In 2013, the year before Modi’s landslide victory, Mukul Sinha was diagnosed with cancer, and his son, then 31, decided to stay home in Ahmedabad, having returned several months earlier. “That’s when my political education really began,” Sinha said. After years of being away, Sinha drew close to his family, determined to learn everything he could from his father.
Sinha was reminded of how deeply his parents had investigated the events around and following the 2002 pogrom. They were the ones who introduced him to the concept and danger of misinformation, who showed him how an entire massacre had been built on a lie. They had acquired witness testimonies and police files. His mother had personally analyzed call records that contained evidence that the state government had turned a blind eye to human rights abuses. The main lesson he learned, said Sinha, was “how to work for the cause of justice under an authoritarian regime.”
Although the Sinhas were sitting on a minefield of potentially explosive data, they couldn’t find anyone to publish it. So tech-savvy Pratik suggested that his parents publish their findings online. As his father talked, Pratik typed, putting together a dossier on Modi’s activities in Gujarat. The Sinhas’ investigations condemned the BJP leader for failing to prevent the mass murders of the riots. It made for frightening reading.
The website that resulted, Truth of Gujarat, was first published in July 2013 and quickly developed a cult following. Sinha says the mainstream media picked up some of their stories, but it wasn’t enough to create an impact at a national level. “Nowhere close.” By then, Modi’s star was already on the ascent.
Zubair, then a telecoms engineer prone to spending hours on social media, was part of the Sinha family’s growing following. To Zubair, it was apparent that Truth of Gujarat was an outlier in Indian mass media. The trend, on Facebook certainly, was barrelling in the opposite direction: A vast number of pages had mushroomed with no apparent goal other than to boost Hindu morale. Zubair, who started off thinking these were simply informative communities, soon saw that their real aim was to mobilize support for the BJP and ultimately help Modi win. “They related anything and everything to Hinduism,” he recalled.
One of their persistent claims was that everyone in the world had originally been Hindu, but that Hindus were now under threat of extinction. Zubair noticed how easily people fell for these narratives, showing their appreciation with thousands of likes on various platforms.
These “Internet Hindus,” as such content creators and their audiences came to be known, were drawn primarily to Modi, but many were also fans of a politician named Subramanian Swamy. In 2011, Swamy was removed from his teaching post at Harvard for reprehensible comments about Muslims. Afterward, he took to Twitter, where his often bizarre tweets found a huge audience.

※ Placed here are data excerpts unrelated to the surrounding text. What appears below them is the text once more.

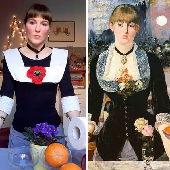 3月14日に誕生したこのアカウントは現在、メトロポリタン美術館やルーヴル美術館などを含む14万以上のユーザーにフォローされており、世界各国のユーザーによる約450点の作品が掲載(4月6日時点)。そのうち、フェルメールやファン・ゴッホ、ダ・ヴィンチなどの傑作を模倣した作品が数々楽しませてくれる。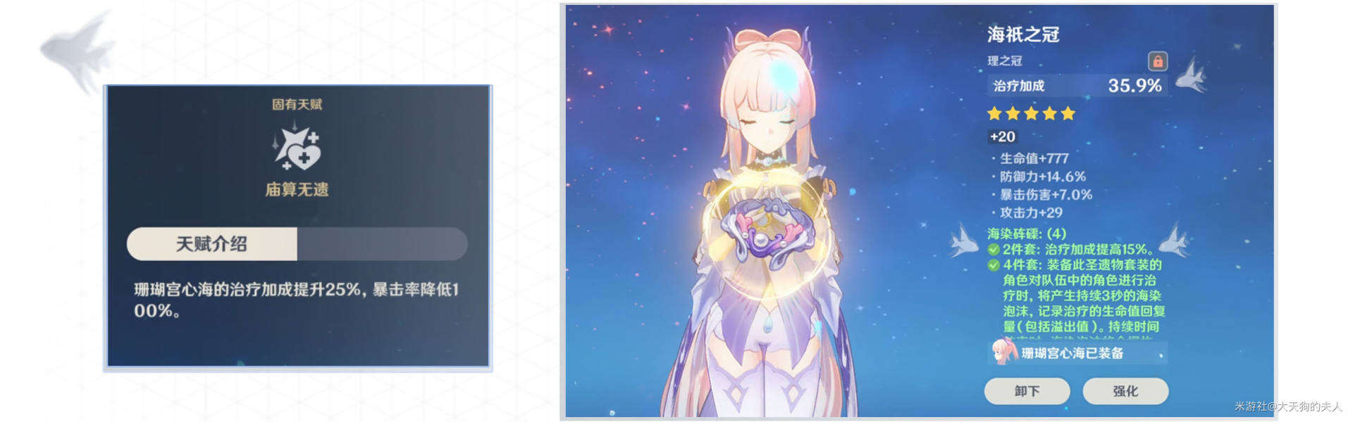 固有天赋「庙算无遗」让心海自身拥有25%的治疗加成,满级圣遗物可以提供心海15%+35.9%=50.9%治疗加成,心海一共拥有75.9%治疗加成。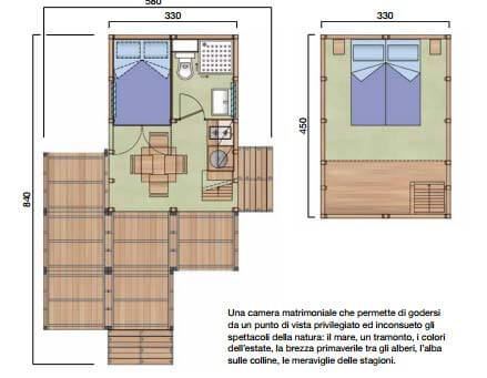 Si tratta quindi di una tenda, sì, ma con i comfort di un bungalow: letti comodi, bagno con doccia, angolo cottura, frigorifero e molto altro. Non una tenda con paletti in ferro o vetroresina, ma una struttura dominata dal legno: il profumo del legno e l’armonia delle forme caratterizzano questo prodotto artigianale unico. Un alloggio che può sembrare essenziale, ma che in realtà offre un buon livello di comfort.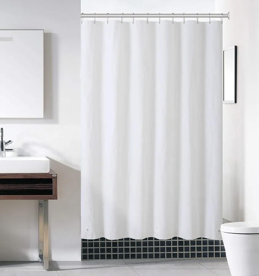 WATER REPELLENT: The tight weave and superior quality of the fabric provide it with a firm, smooth texture which promotes water bead formation and prevents curtain soaking and bathroom floor messes; Waterproof coating on the backside allows water beads to form across the curtain allowing for quick water removal and swift drying; No more slippery floors; The long length is perfect for higher ceilings and keeps water in the shower or tub and not on your floor.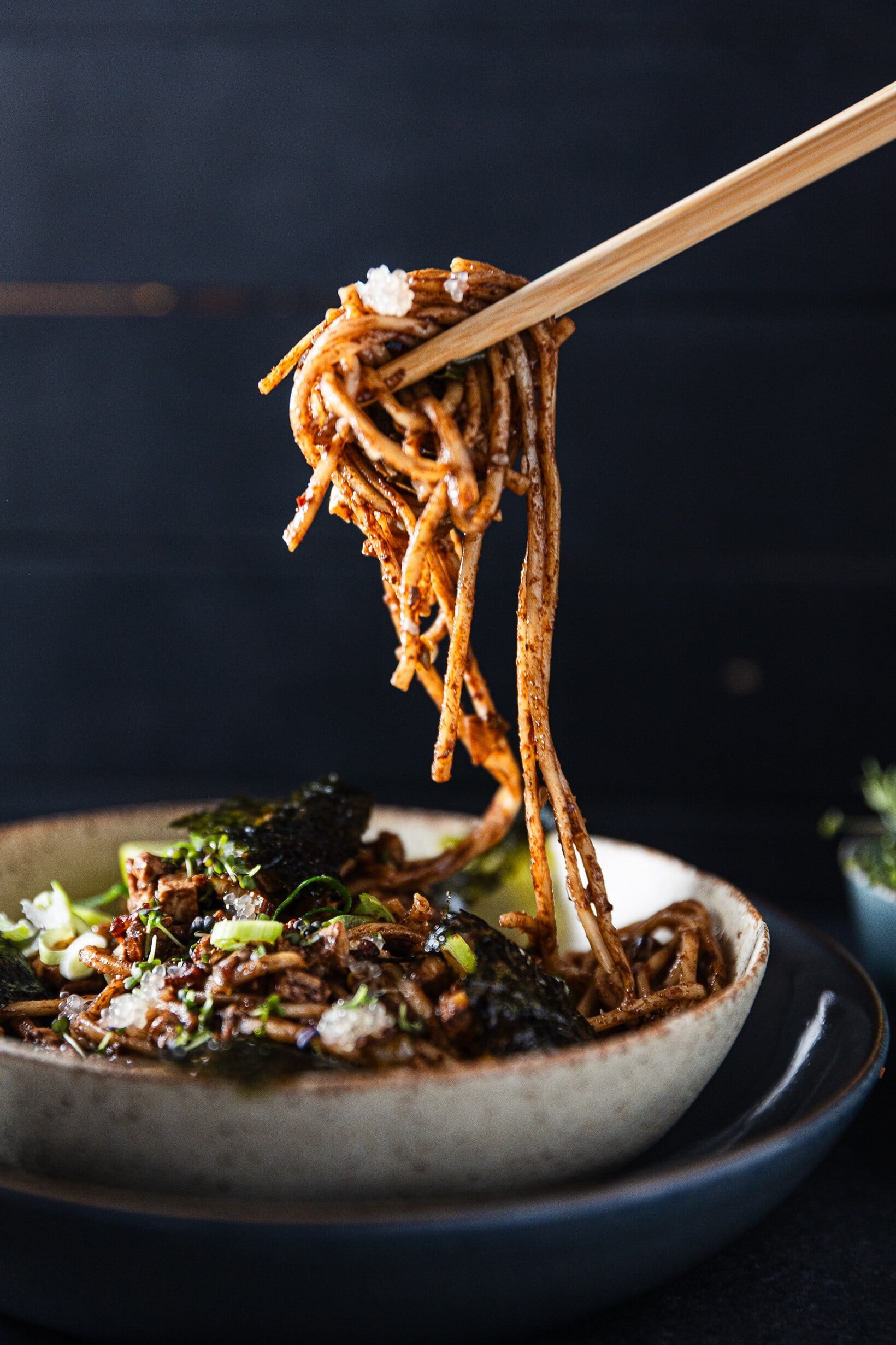 Stačí nachystat ingredience a v pánvi to jen zasyčí. Pikantní chuť nudlí příjemně osvěží drobné bylinky i limetový kaviár. Překvapivým zpestřením je pak křehká řasa nori.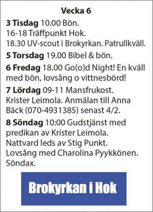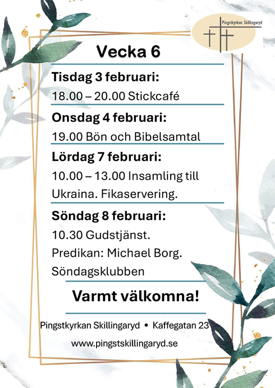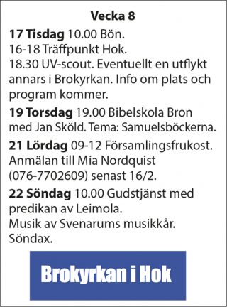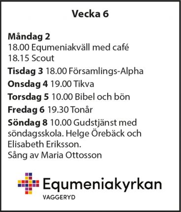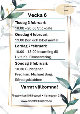 Det händer Veckovis 2026 Vecka 6 2026 Vecka 7 2026 Vecka 8 2026 Vecka 9 2026 Vecka 10 2026 Vecka 11 2026 Vecka 12 2026 Vecka 13 2026 Vecka 14 2026 Vecka 16 2026 Vecka 17 2026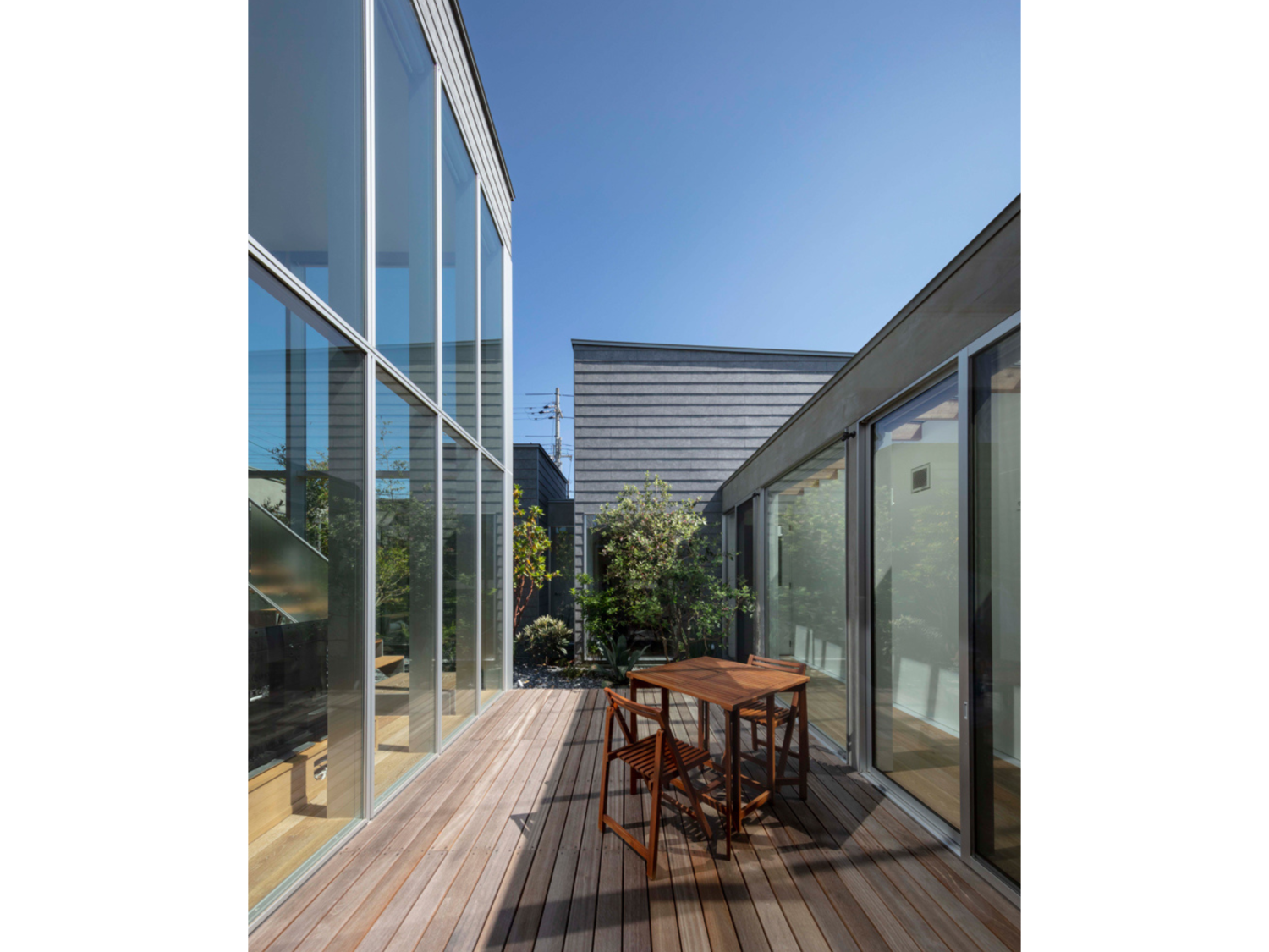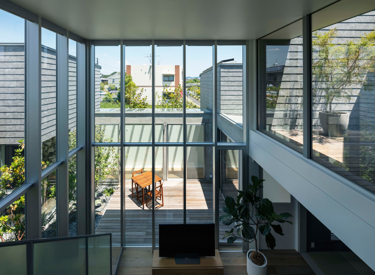 外部からのプライバシーを確保したいという要望から中庭を設計し、外からの目線を気にしない開放感ある住宅を実現しました。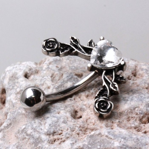 • Belly Button Rings / Navel Rings with Heart & Roses Design• Top down style navel ring• Antique plated jewelry• Single heart shaped Clear CZ in the center• Long stem rose on each side• Bar Thickness : 14GA / 1.6mm• Bar Length : 3/8″ / 10mm• Total Jewelry Size : 20.5 x 21mm• Ball Size : 5mm• Threading Type : Externally Threaded• Material : 316L Stainless Steel, Zinc Alloy, Cubic Zirconia
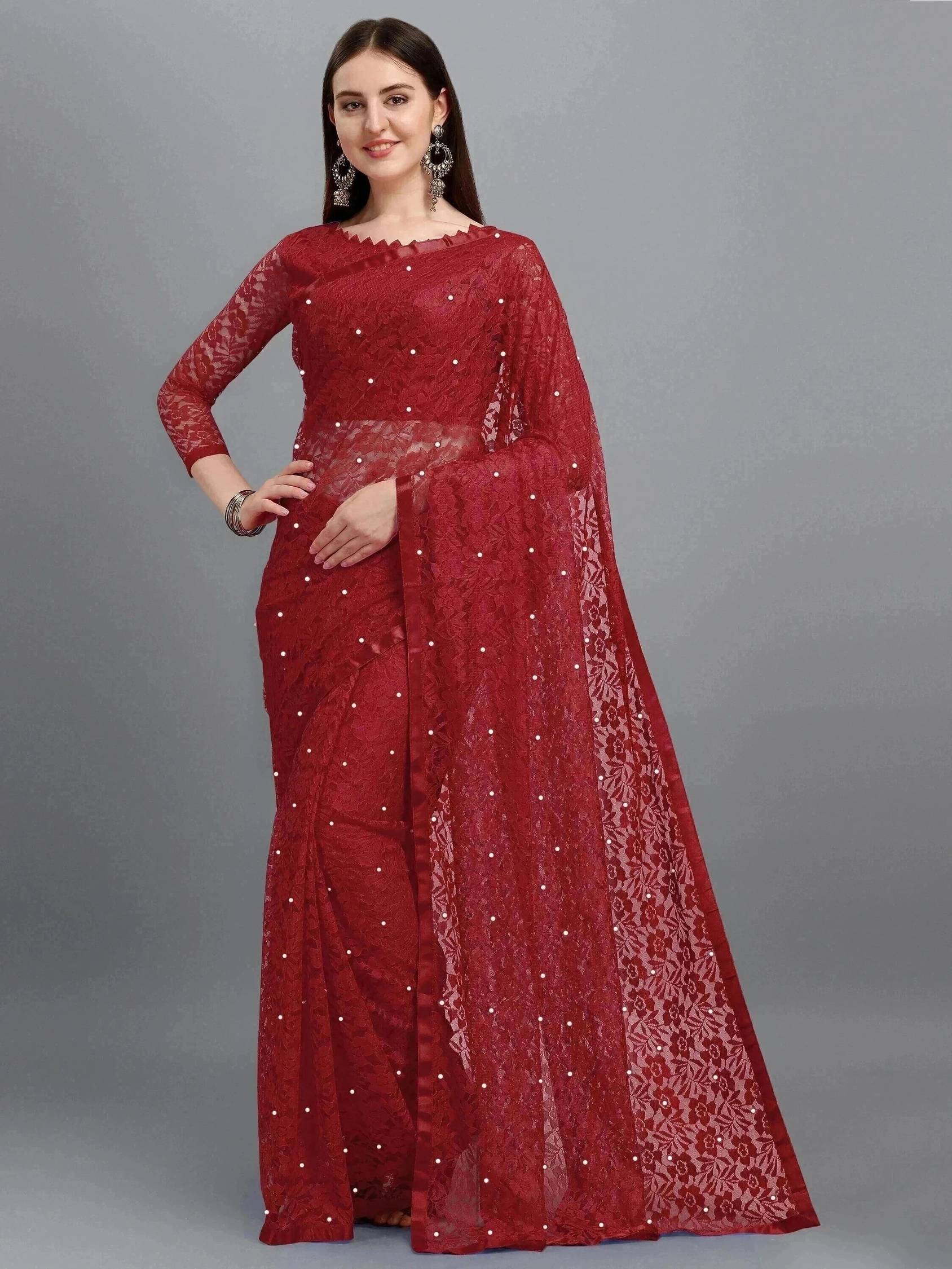 LOROFY Self Design Bollywood Net Saree (Maroon)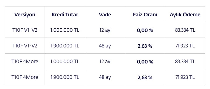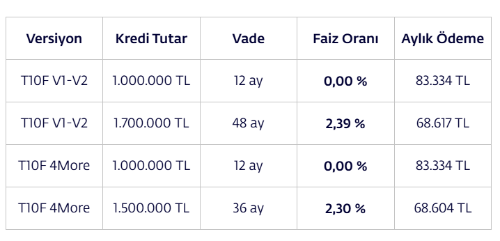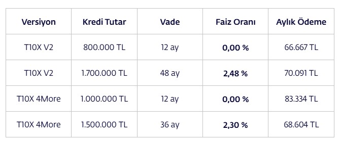 Togg'dan yapılan açıklamada "Yılın son ve en yüksek kredi" desteği denildi. İşte Togg'un açıkladığı finansman seçenekleri: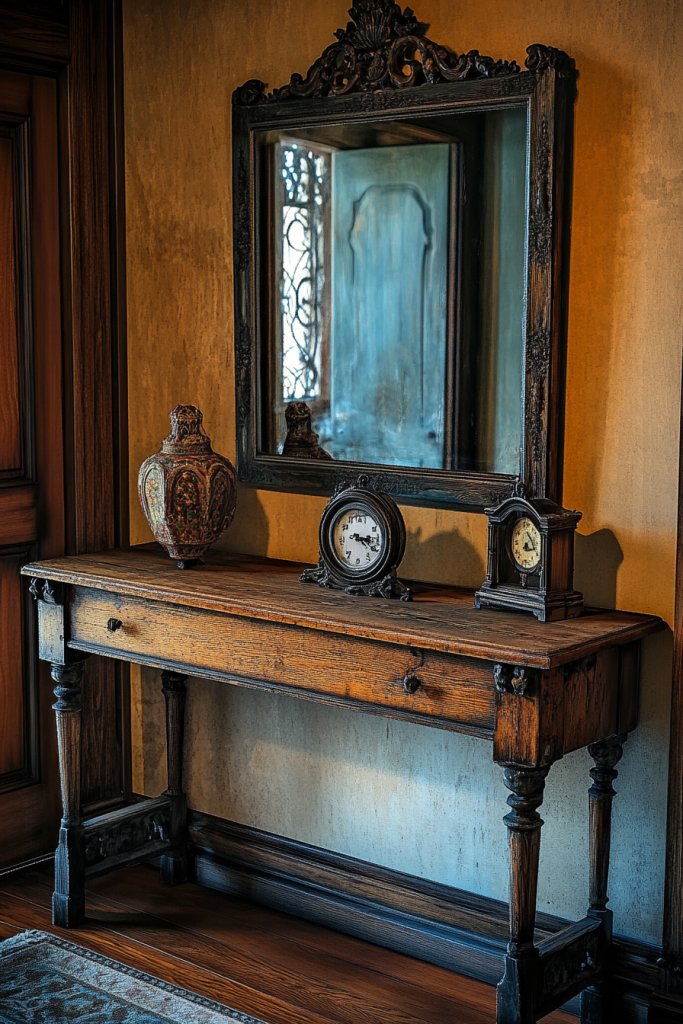 An old, ornate mirror with a weathered frame hangs above, reflecting the history of your home. Small vintage accessories—like a retro clock or a classic ceramic jar—complete the look.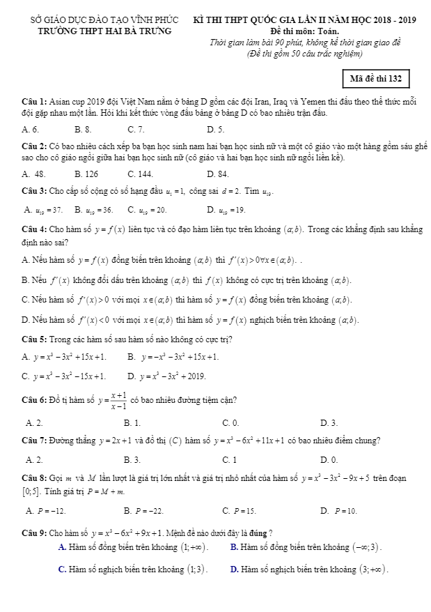 Đề thi thử Toán THPT Quốc gia 2019 lần 2 trường Hai Bà Trưng – Vĩnh Phúc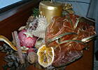 W oleju to dzieło mojego małżonka. Dał wszystkie zioła jakie miał pod ręką , posmarował olejem i sobie czeka w zimnym miejscu. Wszystkie mięsa leżą w garach na zimnych płytkach, nie w lodówce.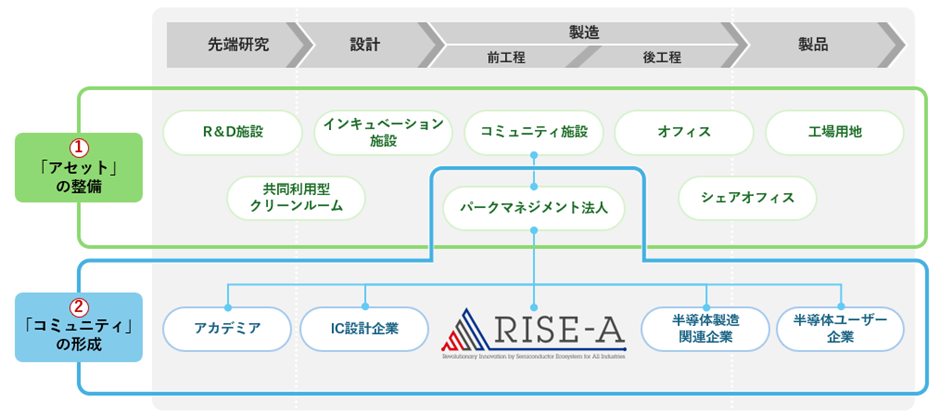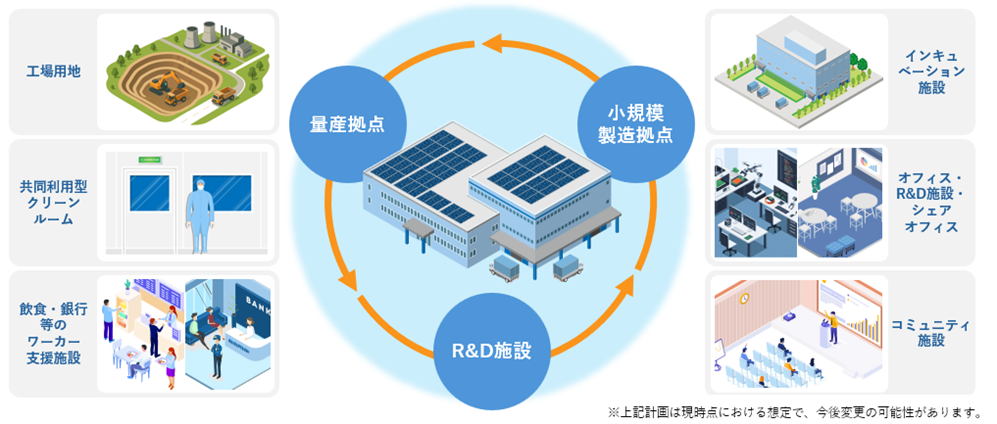 ①R&D施設、インキュベーション施設、オフィス・シェアオフィス、工場用地等、半導体産業に必要な「アセット」を整備

Zubair noticed that Swamy didn’t have a Facebook page, so in June 2014, in a moment of fun, he made one on the politician’s behalf.
“Did you know Mona Lisa was an Indian?” Zubair wrote on the page alongside an image of the painting photoshopped to include a sari and bindi. He posted under the handle “SuSuSwamy” (meaning, in Hindi, “PeePee” Swamy). The Mona Lisa, read the post, was actually painted by “our Hindu ancestors” and named “Mona-li Shah.”
“People believed me!” Zubair said, still incredulous. His cheeky brand of humour offered respite in an increasingly hostile online atmosphere. SuSuSwamy quickly amassed more than 50,000 followers. Before long, the real Swamy threatened to send Facebook a legal notice. Zubair affixed “unofficial” to the page and continued merrily on.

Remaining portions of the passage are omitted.